The following will use the `run_clm.py` example script from the Transformers library to train `Llama3-8B` tasks as examples, demonstrating how to use `TorchAcc` to accelerate Transformers training. We will also compare the methods of training Transformers models using `native PyTorch` and `DeepSpeed` with the `run_clm.py` script.


## Environment Preparation

### Start a container

Refer to the `"install"` section to obtain the latest image:

```bash
sudo docker run --gpus all --net host --ipc host --shm-size 10G -it --rm --cap-add=SYS_PTRACE registry.cn-wulanchabu.aliyuncs.com/pai-dlc/acc:r2.3.0-cuda12.1.0-py3.10-nightly bash
```

### Environment Configuration

Since we are running the `run_clm.py` script built into Transformers, it requires source code installation of the Transformers library:

```bash
# Uninstall Transformers already installed in the image
pip uninstall transformers -y

# Clone and install Transformers
git clone https://github.com/huggingface/transformers.git
cd transformers
pip install -e .

# Install related dependencies
pip install evaluate scikit-learn

# If DeepSpeed training is needed
pip install deepspeed
```

### Preparation

> If your network cannot access HuggingFace, please refer to the following instructions to manually download the model. Otherwise, you can skip the `Model Preparation` and `Dataset Preparation` sections.

#### Model Preparation

You can download the `Meta-Llama-3-8B` model from the model repositories of `HuggingFace` or `ModelScope`. Here's an example using `ModelScope`, with the model repository link: [https://modelscope.cn/models/LLM-Research/Meta-Llama-3-8B](https://modelscope.cn/models/LLM-Research/Meta-Llama-3-8B/files).
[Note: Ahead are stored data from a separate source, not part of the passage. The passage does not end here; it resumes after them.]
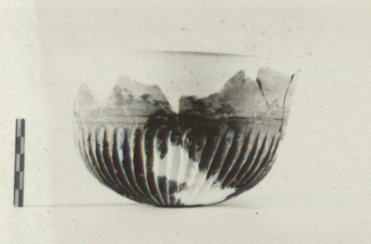 | Description: | Most of lip and some of body missing; restored in plaster. Plain rim, out-turned. Raised ribs on body, rosette on bottom. Dull black glaze. Cf. P 20518. | |
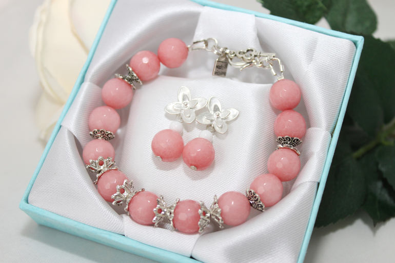 6. Комплект "Розовая дымка" Фурнитура под серебро, агат. Браслет на руку 15-17см
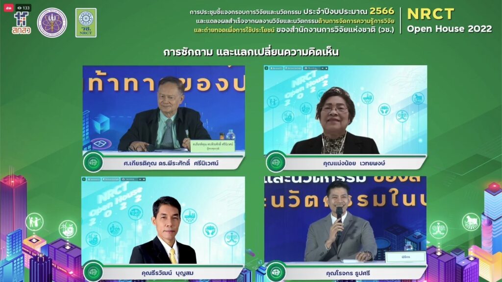 นอกจากนี้ยังมีการเสวนาเรื่อง “แนวทางการเขียนและพิจารณาข้อเสนอทุน KM ใน 4 มิติการใช้ประโยชน์” ผู้ร่วมเสวนาประกอบด้วยศาสตราจารย์เกียรติคุณ ดร.พีระศักดิ์ ศรีนิเวศน์,นายสมบูรณ์ วงค์กาด,พลเอก กนก ภู่ม่วง และนางแน่งน้อย เวทยพงษ์ โดยมี ดร.สุพจน์ อาวาส เป็นผู้ดำเนินรายการ การซักถามและแลกเปลี่ยนความคิดเห็น โดย ศาสตราจารย์เกียรติคุณ ดร.พีระศักดิ์ ศรีนิเวศน์,นางแน่งน้อย เวทยพงษ์ และนายธีรวัฒน์ บุญสม รวมถึงการนำเสนอวีดิทัศน์แนะนำการใช้งานระบบ NRIIS โดย นายเอนก บำรุงกิจ และปิดท้ายด้วยการแถลงผลสำเร็จจากผลงานวิจัยและนวัตกรรมด้านการจัดการความรู้การวิจัยและถ่ายทอดเพื่อการใช้ประโยชน์ และแลกเปลี่ยนประสบการณ์การเขียนข้อเสนอกิจกรรมส่งเสริมและสนับสนุนการวิจัยและนวัตกรรม โดย ดร.สุพจน์ อาวาส,ดร.มารยาท สมุทรสาคร,ดร.อันธิกา บุญแดง,ผู้ช่วยศาสตราจารย์ ดร.พีรวัฒน์ ปลาเงิน,รองศาสตราจารย์ ดร.ปานใจ ธารทัศนวงศ์ และนายวรพจน์ โพธาเจริญ โดยกิจกรรม NRCT Open House2022 : ด้านการจัดการความรู้การวิจัยและถ่ายทอดเพื่อการใช้ประโยชน์ การออกแบบความรู้ที่เป็นนวัตกรรมพร้อมใช้ เทคโนโลยีที่เหมาะสม เพื่อนำไปใช้ในกระบวนการวิจัยเพื่อแก้ไขปัญหาสำคัญ เสริมศักยภาพได้อย่างเป็นรูปธรรมผ่านการสร้างนวัตกรรมชุมชนที่เป็นผู้นำการเปลี่ยนแปลงในการรับและปรับใช้นวัตกรรมพร้อมใช้เทคโนโลยีที่เหมาะสมกับบริบท สามารถถ่ายทอดความรู้ไปสู่ผู้อื่นได้รวมทั้งสามารถเป็นแกนนำในการจัดกระบวนการเรียนรู้เพื่อหนุนให้ชุมชนมีพื้นที่และโอกาสเรียนรู้ได้อย่างต่อเนื่องและยั่งยืน
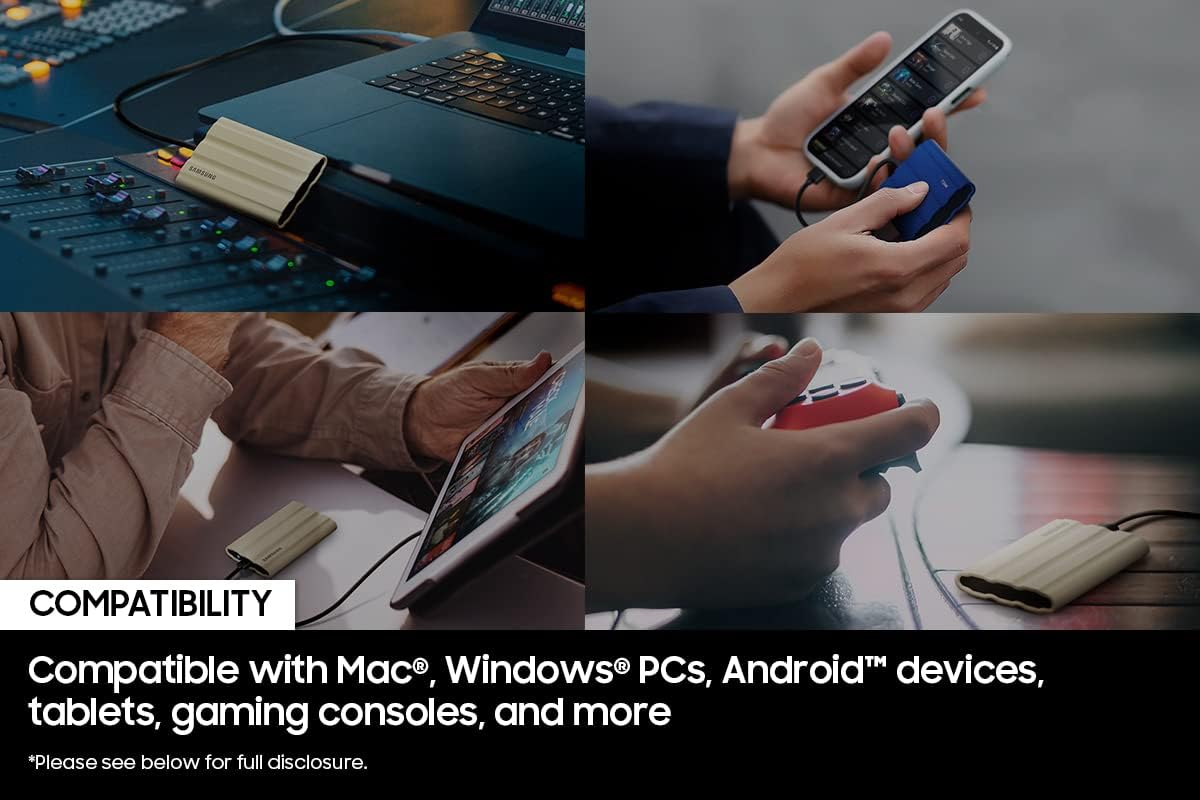 Samsung T7 Shield Portable SSD delivers high performance on-the-go, not matter the terrain. It has an IP65 rating for water1 and dust2 resistance, with Dynamic Thermal Guard to manage heat control. Transfer huge files instantly. USB 3.2 Gen 2 and PCIe® NVMe achieve soaring sequential read/write speeds of up to 1,050/1,000 MB/s4, allowing you to edit directly from the drive. The rugged design and advanced outer elastomer add extra durability to even endure a 9.8 foot drop3. The T7 Shield is compatible with PC, Mac, Android devices, gaming consoles, and more. 1Consistent with IP65 rating, tested under controlled conditions: water flow of 100kPa for 3 minutes. Water resistant capabilities may vary depending on the actual conditions. 2Consistent with IP65 rating, tested under controlled conditions: 2kg/m³ of active dust with a pressure under 2kPa for 8 hours. Dust resistant capabilities may vary depending on the actual conditions. 3Tested to withstand 9.8-ft (3 meters) drop under controlled conditions. Drop resistance capability may vary depending on the actual environmental conditions. 4Performance may vary depending on host configuration. To reach maximum read/write speeds of up to 1,050/1,000 MB/s, respectively, the host device and connection cables must support USB 3.2 Gen 2 and the UASP mode must be enabled. 5Tested to withstand 9.8-ft (3 meters) drop under controlled conditions. Drop resistance capability may vary depending on the actual environmental conditions. 6Source: 2003-2022 OMDIA data: NAND suppliers’ revenue market share. 7Included SSD cable recommended.
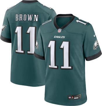 Rep the on-field look of your favorite Philadelphia Eagles player with this A.J. Brown Game Jersey from Nike. Its heat-sealed name, numbers and team details provide a kickoff-ready aesthetic while also offering a comfortable, lightweight feel. Designed for ease of movement, this jersey has a versatile tailored fit and features mesh side panels for added ventilation as you celebrate every big play by the Philadelphia Eagles this season.
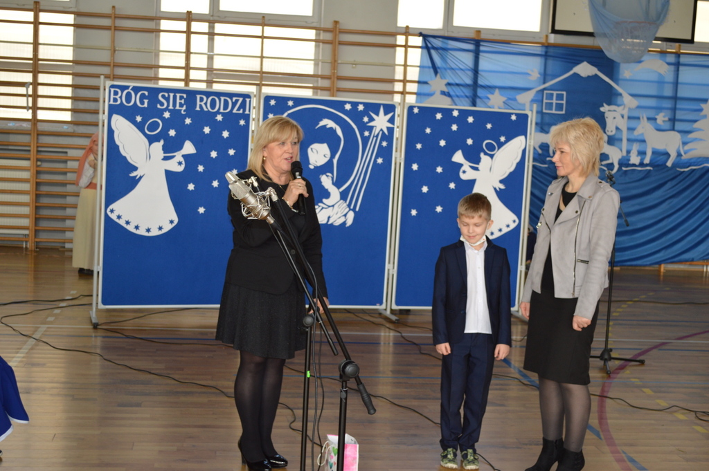 Po skończonym przedstawieniu p. dyrektor Iwona Rutkowska złożyła życzenia świąteczne całej społeczności szkolnej oraz ogłosiła wyniki konkursu „Na najładniejszy wystrój świąteczny sali lekcyjnej” przeprowadzonego przez siebie.
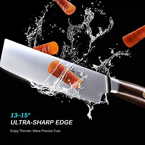 - Original Usuba & Nakiri Knives – 7 Inch Nakiri Knife - Daimyo Series - Vegetable Cleaver with Ergonomic Rosewood Handle, & Mosaic Pin - Japanese 440C Stainless Steel Kitchen Knife with Sheath & Case by KYOKU

You can clone the model configuration and weights to your local machine using `git clone`, and store them in a specified directory (such as Meta-Llama-3-8B):

```bash
apt-get update && apt-get install git-lfs
git clone https://www.modelscope.cn/LLM-Research/Meta-Llama-3-8B.git
```

### Dataset Preparation

We use the wikitext dataset for training the model. For detailed information about the dataset, visit: [https://www.modelscope.cn/datasets/modelscope/wikitext/](https://www.modelscope.cn/datasets/modelscope/wikitext/)

You can download the dataset and place it in the specified directory.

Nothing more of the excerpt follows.